### WHAT IS REQUIRED
After dropping the pictures, give again exactly the lines of the data from its first line through the line with "Prusa SL1 Printer", which is included as well.

### RECORDED INFORMATION
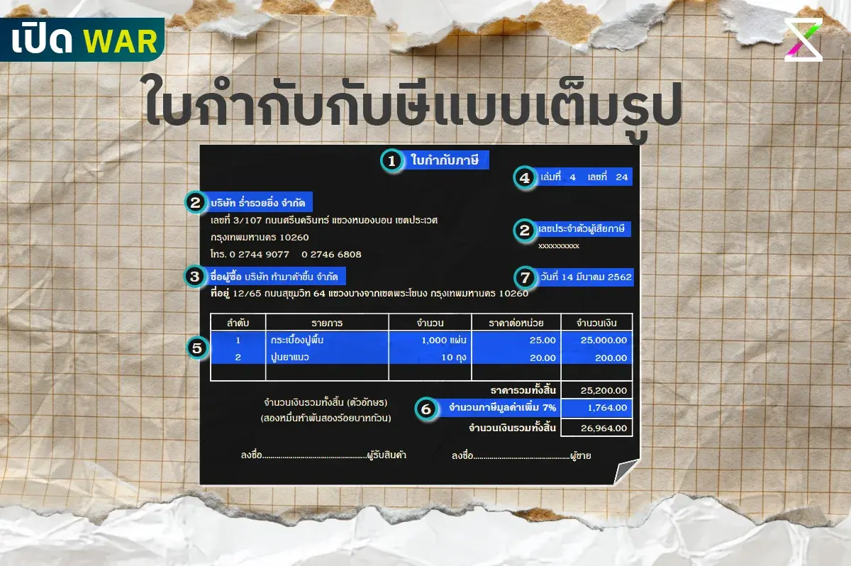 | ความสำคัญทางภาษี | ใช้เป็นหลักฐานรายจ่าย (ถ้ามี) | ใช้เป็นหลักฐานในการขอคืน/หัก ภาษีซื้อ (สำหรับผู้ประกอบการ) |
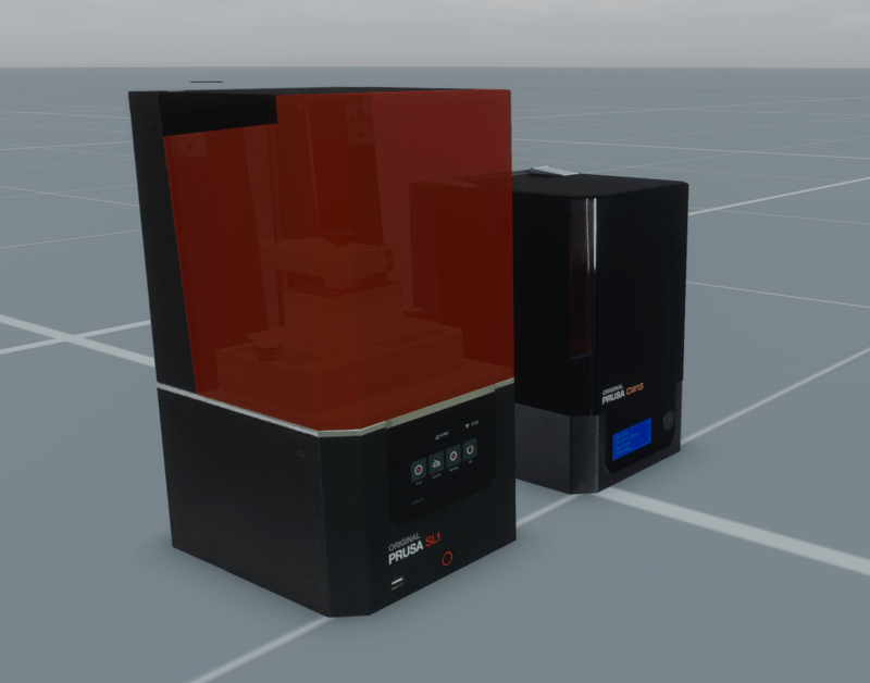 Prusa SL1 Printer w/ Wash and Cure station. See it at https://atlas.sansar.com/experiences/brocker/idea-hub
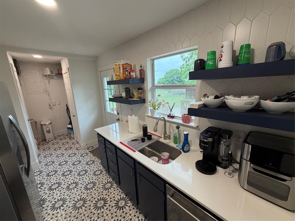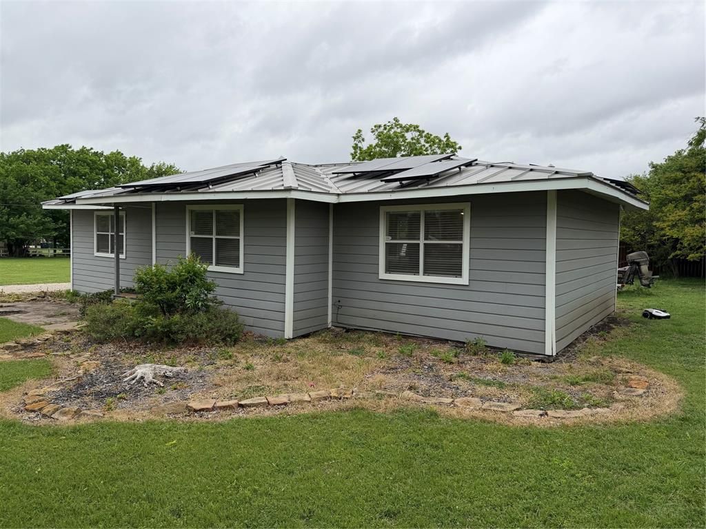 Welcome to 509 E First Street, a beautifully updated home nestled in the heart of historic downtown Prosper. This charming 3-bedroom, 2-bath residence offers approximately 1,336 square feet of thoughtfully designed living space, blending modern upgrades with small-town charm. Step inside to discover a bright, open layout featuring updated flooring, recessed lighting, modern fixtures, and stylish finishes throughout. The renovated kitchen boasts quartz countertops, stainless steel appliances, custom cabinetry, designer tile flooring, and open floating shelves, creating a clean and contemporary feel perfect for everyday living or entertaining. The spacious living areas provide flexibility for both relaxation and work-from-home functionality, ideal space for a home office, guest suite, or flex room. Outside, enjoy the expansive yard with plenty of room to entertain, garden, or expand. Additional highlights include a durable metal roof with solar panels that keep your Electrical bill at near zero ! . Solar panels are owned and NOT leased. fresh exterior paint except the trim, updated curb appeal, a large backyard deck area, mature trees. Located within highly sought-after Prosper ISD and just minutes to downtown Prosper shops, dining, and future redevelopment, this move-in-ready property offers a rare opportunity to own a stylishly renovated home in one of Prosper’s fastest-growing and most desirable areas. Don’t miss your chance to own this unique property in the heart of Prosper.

### SOLUTION
 | ความสำคัญทางภาษี | ใช้เป็นหลักฐานรายจ่าย (ถ้ามี) | ใช้เป็นหลักฐานในการขอคืน/หัก ภาษีซื้อ (สำหรับผู้ประกอบการ) |
 Prusa SL1 Printer w/ Wash and Cure station. See it at https://atlas.sansar.com/experiences/brocker/idea-hub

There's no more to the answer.